How do I evaluate cos(pi/5) without using a calculator?

2 Answers

Cos (pi /5) = cos 36° = (sqrt5 + 1)/4.

Explanation:

If theta = pi/10, then 5theta = pi/2 => cos3theta = sin2theta.[ cos (pi /2 - alpha) = sinalpha}.
=> 4 cos ^3 theta - 3costheta = 2sinthetacostheta=> 4 cos^2theta - 3 =2 sin theta.
=> 4 ( 1 - sin^2 theta) - 3 = 2 sintheta. => 4sin^2 theta+2sintheta - 1 = 0=>
sintheta =( sqrt 5 - 1 ) /4.
Now cos 2theta = cos pi/5 = 1 - 2sin^2 theta, gives the result.

Feb 13, 2016

Cos (pi/5) = (sqrt (5)+1)/4.

Explanation:

Let a = cos(pi/5), b = cos(2*pi/5).
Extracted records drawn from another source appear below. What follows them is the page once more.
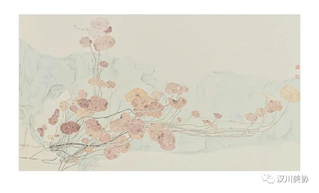 ▲《草木吟之一-铜钱草》国画,60cm*33cm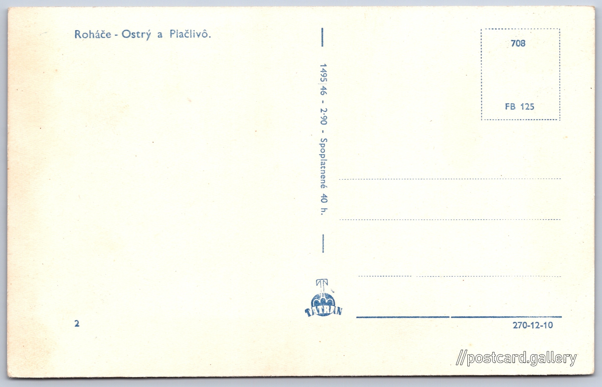 Roháče, Ostrý a Plačlivé Pokud chcete vidět pohlednice ve vyšším rozlišení nebo zobrazovat jejich zadní stranu, tak se prosím nejdříve přihlašte Přihlásit Zaregistrovat Roháče - Ostrý a Plačlivô. Jazyk tištěného textu na pohlednici: slovenština Ostrý Roháč (2087 m), Hora, výškový bod, Zuberec, Slovensko ukázat na mapě V blízkém okolí místa zobrazeného na pohlednici lze najít 13 jiných pohlednic. Zobrazit blízké pohlednice Vydavatel: Tatran (Československo) Datum vydání není známo Pomozte nám odhadnout datum vzniku pohlednice Velikost (š x v) a tvar pohlednice: 141 x 89 mm (5.55" x 3.50"), obdélník Čistá pohlednice (neprošlá poštou) Ceny: Cena pohlednice: 2,90 Kčs (CSK) (+0,40 Kčs přípl. na tur. ruch) Kódy na pohlednici: 708 FB 125 1495|46 2 DiskuseVložit příspěvek Přidat novou složku ... Spravovat složky ...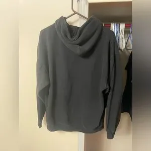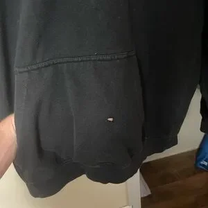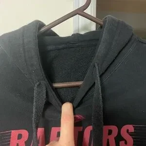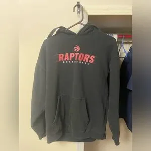 Toronto Raptors sweater missing tag but I believe is a size large. Logo is beginning to crack but is hardly noticeable at the moment. Small hole in the front pocket all shown in the pictures above.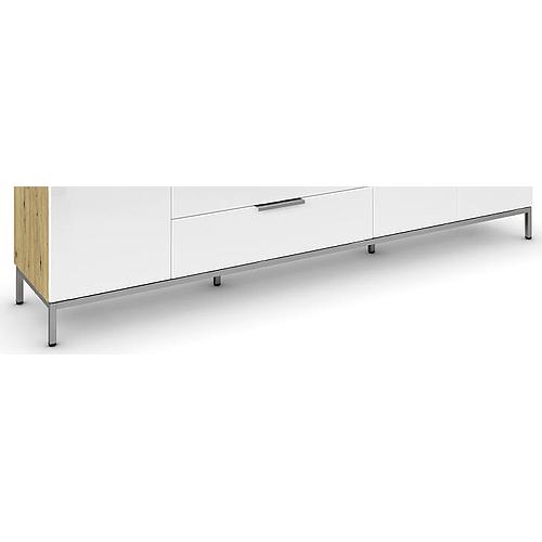 Shine komód, 3ajtós, 3fiókos, artisan tölgy-fehér üveg front, króm fogantyú, 199x61x42cm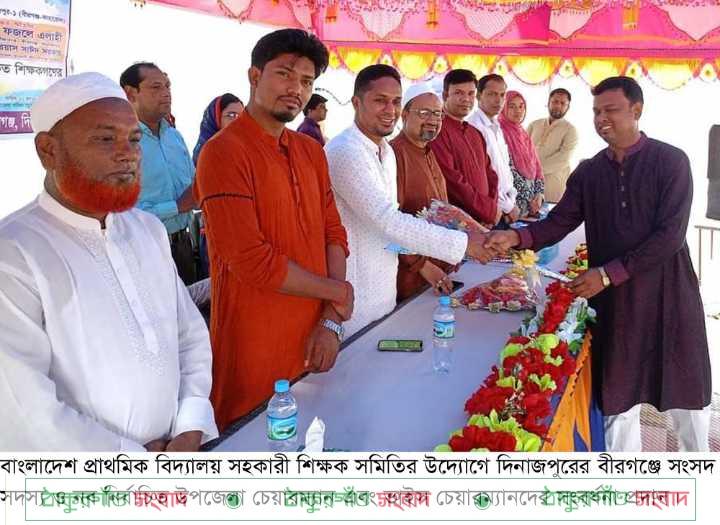 বাংলাদেশ প্রাথমিক বিদ্যালয় সহকারী শিক্ষক সমিতি বীরগঞ্জ উপজেলা সভাপতি মোঃ নজরুল ইসলামের সভাপতিত্বে অনুষ্ঠানে বক্তব্য রাখেন দিনাজপুর-১ (বীরগঞ্জ-কাহারোল) আসনের জাতীয় সংসদ সদস্য আলহাজ্ব মোঃ জাকারিয়া জাকা, নব নির্বাচত উপজেলা চেয়ারম্যান মোঃ আবু হুসাইন বিপু, নব নির্বাচিত উপজেলা ভাইস চেয়ারম্যান ইঞ্জিনিয়ার পরিমল কুমার রায় ও মহিলা ভাইস চেয়ারম্যান মোছাঃ আয়শা আক্তার বৃষ্টি।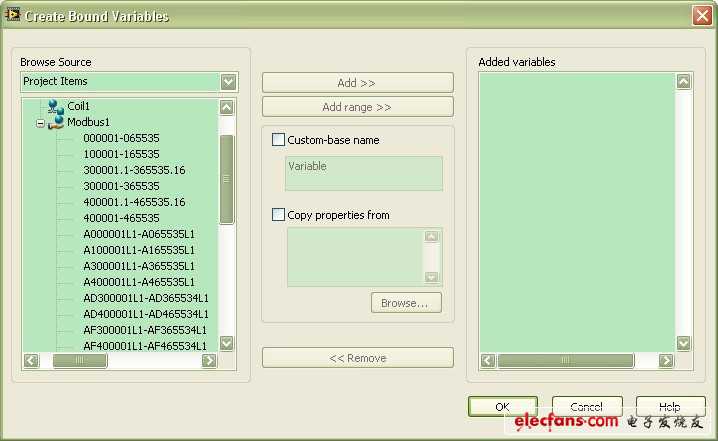 最近学习了下LabVIEW的用法,用的版本是LabVIEW 2012.Of3,也是这几天连了下PLC,在链接PLC的时候要Create Bond Variable...找到建立的I/O Server之后就可以选不同地方的地址的Coil或者Register了,如图: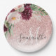 Moderner rosafarbener Glitzer und Blume mit Namen Pappteller
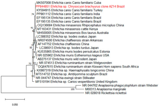 Phylogenetic tree based on an alignment of 630 bp of the Ehrlichia spp. 16S rRNA gene involving 25 nucleotide sequences, using the maximum likelihood method and K2 + G as an evolutionary model. The numbers at the branch nodes of the tree indicate bootstrap values from 1000 replications. The scale bar represents the evolutionary distance. The sequences detected in the present study are highlighted in red, with accession numbers provided in parentheses. A. marginale, A. phagocytophilum and Rickettsia rickettsii were used as outgroups.
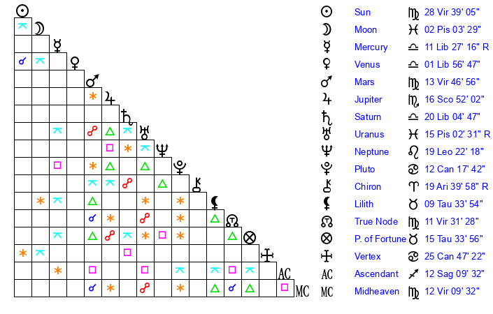 | Saturn | 20 Libra 39 | 28 Pisces 16 | 1 Scorpio 35 |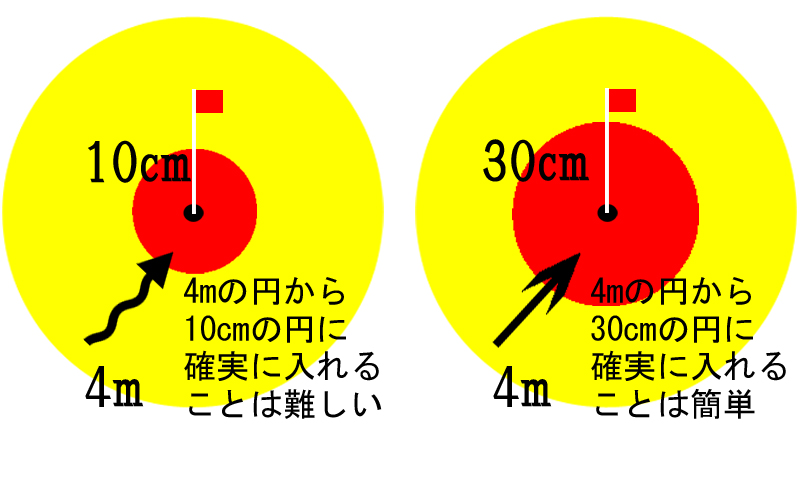 スコアアップを考える場合、まずはパターの円を大きくすることを考えましょう。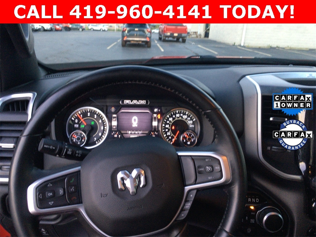 CALL 419- 732 -3148 or 419- 960- 4141, 115V Auxiliary Power Outlet, 115V Auxiliary Rear Power Outlet, 2nd Row In Floor Storage Bins, 3 Rear Seat Head Restraints, 3.21 Rear Axle Ratio, 4 Way Front Headrests, 4-Wheel Disc Brakes, 400W Inverter, 48V Belt Starter Generator, 4G LTE Wi-Fi Hot Spot, 6 Speakers, 8.4" Touchscreen Display, ABS brakes, Air Conditioning, Air Conditioning ATC w/Dual Zone Control, All R1 High Radios, All Radio Equipped Vehicles, Alloy wheels, AM/FM radio, Apple CarPlay, Auto-Dimming Exterior Driver Mirror, Auto-Dimming Rear-View Mirror, Big Horn Badge, Big Horn Level 2 Equipment Group, Black Exterior Mirrors, Black Premium Power Mirrors, Bluetooth Handsfree Phone & Audio, Brake assist, Bumpers: chrome, Class IV Receiver Hitch, Cloth Bench Seat, Cluster 7.0" TFT Color Display, Compass, Connected Travel & Traffic Services, Connectivity - US/Canada, Convex Wide-Angle Mirror Insert, Delay-off headlights, Disassociated Touchscreen Display, Driver door bin, Dual front impact airbags, Dual front side impact airbags, Electronic Stability Control, Emergency communication system: SiriusXM Guardian, Exterior Mirrors Courtesy Lamps, Exterior Mirrors w/Heating Element, Exterior Mirrors w/Supplemental Signals, For Details, Visit DriveUconnect.com, Front anti-roll bar, Front Center Armrest w/Storage, Front fog lights, Front License Plate Bracket, Front reading lights, Front Seat Back Map Pockets, Front wheel independent suspension, Fully automatic headlights, Global Telematics Box Module (TBM), Glove Box Lamp, Google Android Auto, GPS Antenna Input, GPS Navigation, HD Radio, Heated door mirrors, Heated Front Seats, Heated Steering Wheel, Heavy-Duty Engine Cooling, Illuminated entry, Integrated Center Stack Radio, Integrated Voice Command w/Bluetooth, Leather steering wheel, Low tire pressure warning, Media Hub w/2 Charge Only USBs, MOPAR Front & Rear Rubber Floor Mats, Occupant sensing airbag, Outside temperature display, Overhead airbag, Overhead console, Panic alarm, ParkSense Front/Rear Park Assist w/Stop, ParkView Rear Back-Up Camera, Passenger door bin, Passenger vanity mirror, Power 2-Way Driver Lumbar Adjust, Power 8-Way Driver Seat, Power Adjustable Pedals, Power door mirrors, Power steering, Power windows, Power-Folding Mirrors, Quick Order Package 27Z Big Horn, Radio data system, Radio: Uconnect 3 w/5" Display, Radio: Uconnect 5 Nav w/8.4" Display, Radio: Uconnect 5 W w/8.4" Display, Rear 60/40 Folding Seat, Rear anti-roll bar, Rear Dome w/On/Off Switch Lamp, Rear Power Sliding Window, Rear seat center armrest, Rear step bumper, Rear Wheelhouse Liners, Rear Window Defroster, Remote keyless entry, Remote Start System, Security Alarm, SiriusXM Radio Service, SiriusXM Satellite Radio, SiriusXM w/360L, Speed control, Split folding rear seat, Steering wheel mounted audio controls, Sun Visors w/Illuminated Vanity Mirrors, Tachometer, Telescoping steering wheel, Tilt steering wheel, Traction control, Trailer Brake Control, Trip computer, Universal Garage Door Opener, USB Host Flip, Variably intermittent wipers, Voltmeter, Wheels: 18" x 8" Cast-Aluminum Painted, Wheels: 20" x 9" Aluminum Chrome Clad (WRK).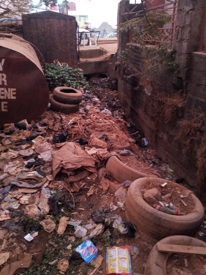 A heavily polluted alleyway overflows with garbage. Discarded tires and miscellaneous trash fill the scene. A rusted tank sits on the left, while a brick wall defines the right. A drain barely visible beneath the waste suggests inadequate sanitation. The image highlights environmental neglect and potential health hazards in the area.
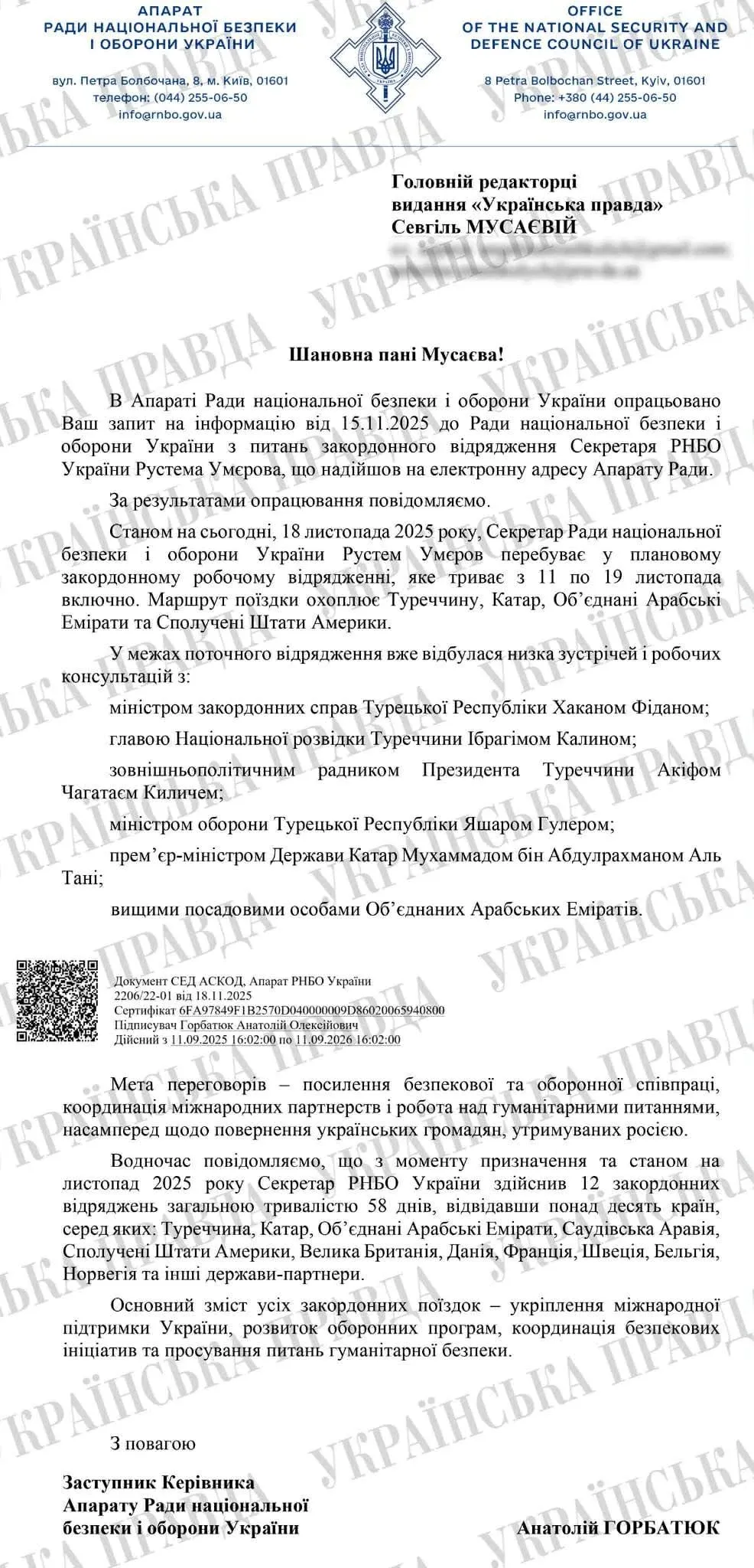 По данным СНБО, в рамках соответствующей командировки Рустем Умеров со вторника, 11 ноября, уже провел ряд важных встреч и рабочих консультаций за рубежом, в частности с турецкими чиновниками.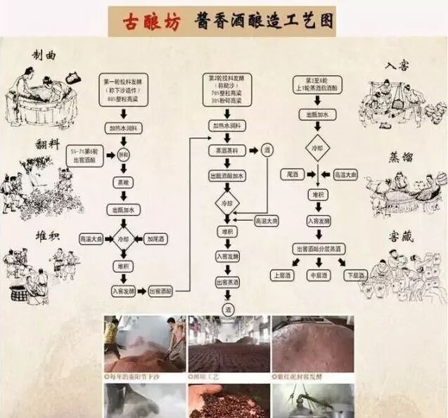 固态酿酒,生产工艺简直复杂。从原料处理-泡粮-初蒸-闷水-复蒸-摊凉-下曲培菌-发酵-蒸馏到勾调、贮存、出酒,中间的硬件成本和人力成本非常高,酒厂酿造规程不同,成本还不一样。甚至很多酒厂在酿酒过程中还需要多次回沙、反复蒸馏。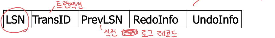 - 모든 로그 레코드는 동일 트랜잭션 내의 직전 레코드의 LSN 또한 저장하고 있음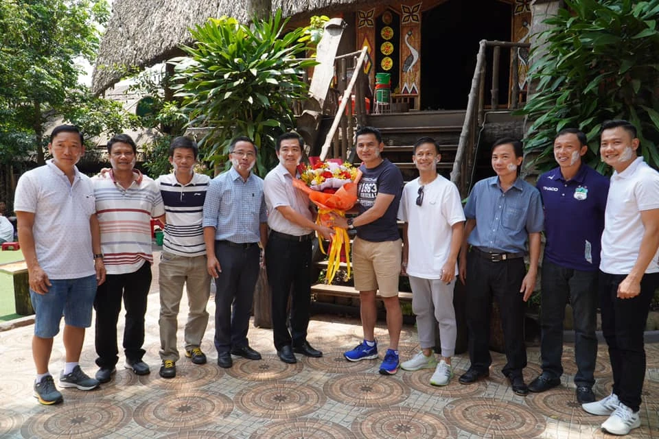 Lãnh đạo Tập đoàn HA Gia Lai và CLB chúc mừng năm mới HLV Kiatisak cùng trợ lý Bundit.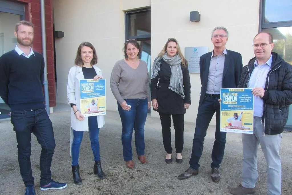 L’ensemble des partenaires organisateurs du Rallye pour l’emploi : Mathieu Bellayer pour Coorace ; Julie Grégoire pour la CCLLA ; Frédérique Savarieau pour Initiatives emploi ; Annaïg Quemeneur pour Alise ; Marc Schmitter pour la CCLLA,et Patrice Athimon pour Alise. © Ouest-France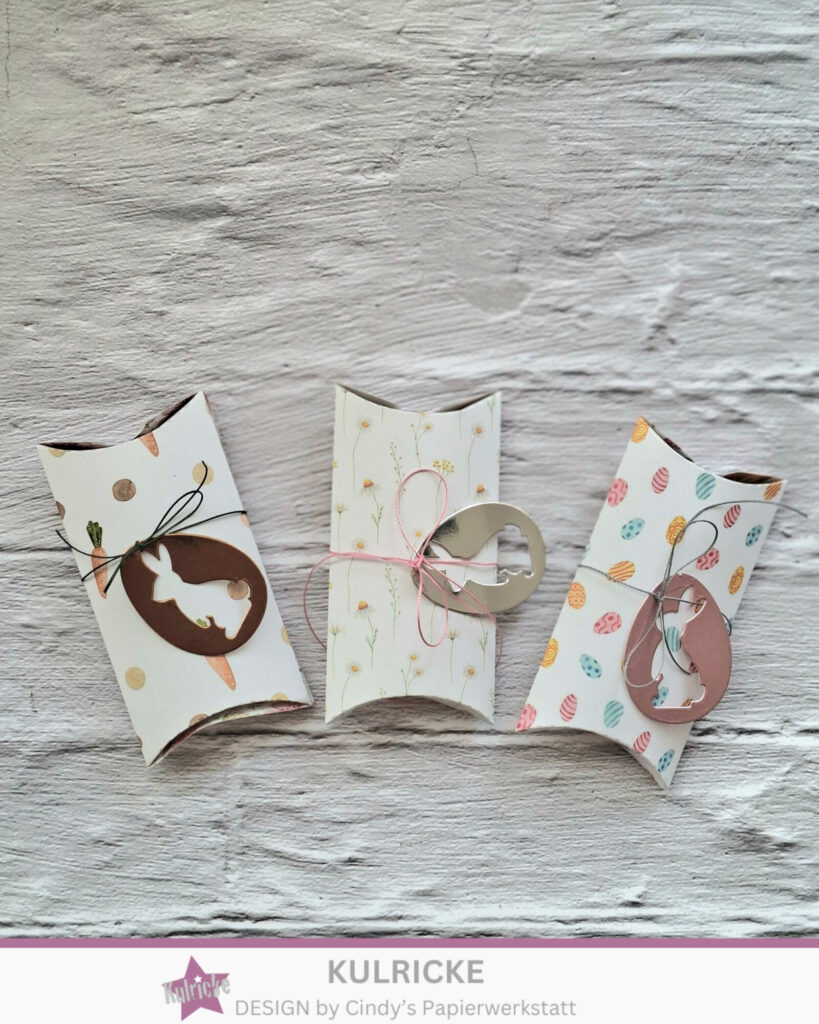 Stanze Pillowbox und Osterhasen Anhänger sind aus dem StanzenAdventskalender vom letzten Jahr, kommen aber zeitnah in den Shop 🙂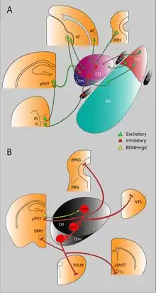 The central nucleus of the amygdala (CeA or aCeN) is a nucleus within the amygdala.[1][2] It "serves as the major output nucleus of the amygdala and participates in receiving and processing pain information."[3][4][5][6]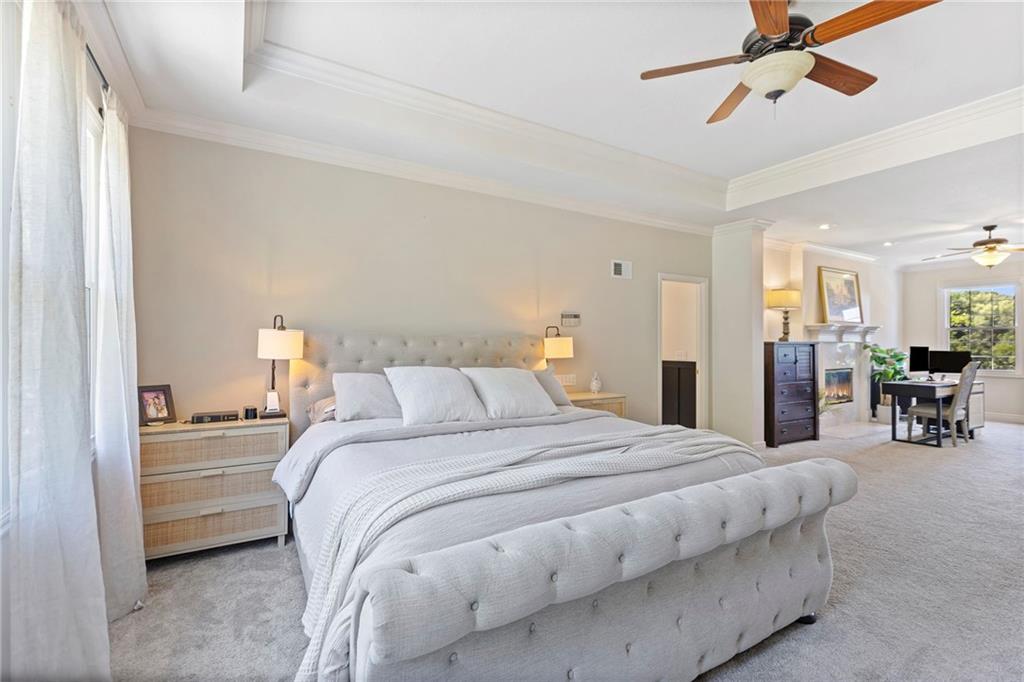 MOTIVATED SELLER: Exquisite Colonial with lake views in prestigious gated community. Nestled on one acre private, treed lot with serene lake views, this custom-built residence combines timeless elegance with modern updates. A stunning rotunda entry, stately columns, and Italian-imported marble floors set the tone for the home’s exceptional craftsmanship. Inside, enjoy a chef’s dream kitchen featuring a 6-burner gas stove, double ovens, SUB-ZERO refrigerator/freezer, and a granite island with bar seating. The home offers unique spaces including a wine cellar off the dining room, a fabulous sunroom, and a one-of-a-kind imported bar from England in the lower level—perfect for entertaining. Recent updates include all new windows, sliding doors, and a new furnace, ensuring both beauty and efficiency. Other updates include new primary bathroom, Outdoors, a $150K landscape renovation showcases a half sport court (basketball/pickleball), extensive underground drainage, and lush, private grounds. The gated community provides 24/7 security and an abundance of amenities: golf, swimming, fitness center, country club, nature trails, pickleball courts, and a newly completed pool and wellness facilities. This is a rare opportunity to own a high-quality, Colonial home that offers privacy, luxury, and an unmatched lifestyle.
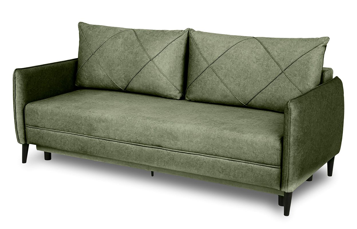 Sofa z funkcją spania Savana to trzyosobowa, rozkładana sofa z pojemnikiem na pościel. Komfort użytkowania zapewnia konstrukcja z sprężyny falistej oraz wysokiej jakości pianki T30/T38. Sofa wykonana w tkaninie Whisper. Jako element dekoracyjny zastosowano przeszycia na poduszkach oraz ozdobne lamówki. Sposób rozkładania to popularny system DL. Po rozłożeniu otrzymujemy powierzchnie spania o wymiarach 190x143 cm. Mebel w komplecie z dwoma poduszkami oparciowymi. Sofa na nóżkach drewnianych w kolorze czarnym. Siedzisko na wysokości 44 cm od podłogi.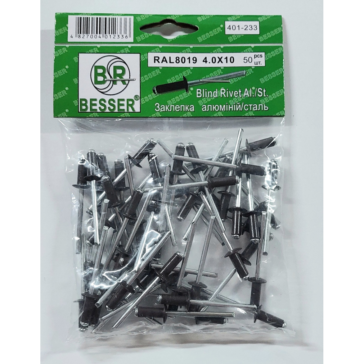 Заклепки алюмінієві витяжні Besser 4 х 10 мм RAL 8019 Темно коричневий

Thus cos(4*pi/5) = -a. From the double angle formulas:

b = 2a^2-1
-a = 2b^2-1

Subtracting,

a+b = 2(a^2-b^2) = 2(a+b)(a-b)

a+b is not zero, as both terms are positive, so a-b must be 1/2. Then

a-1/2 = 2a^2-1
4a^2-2a-1 = 0

and the only positive root is

a = cos (pi/5) = (sqrt(5)+1)/4.

And b = cos (2*pi/5) = a-1/2 = (sqrt(5)-1)/4.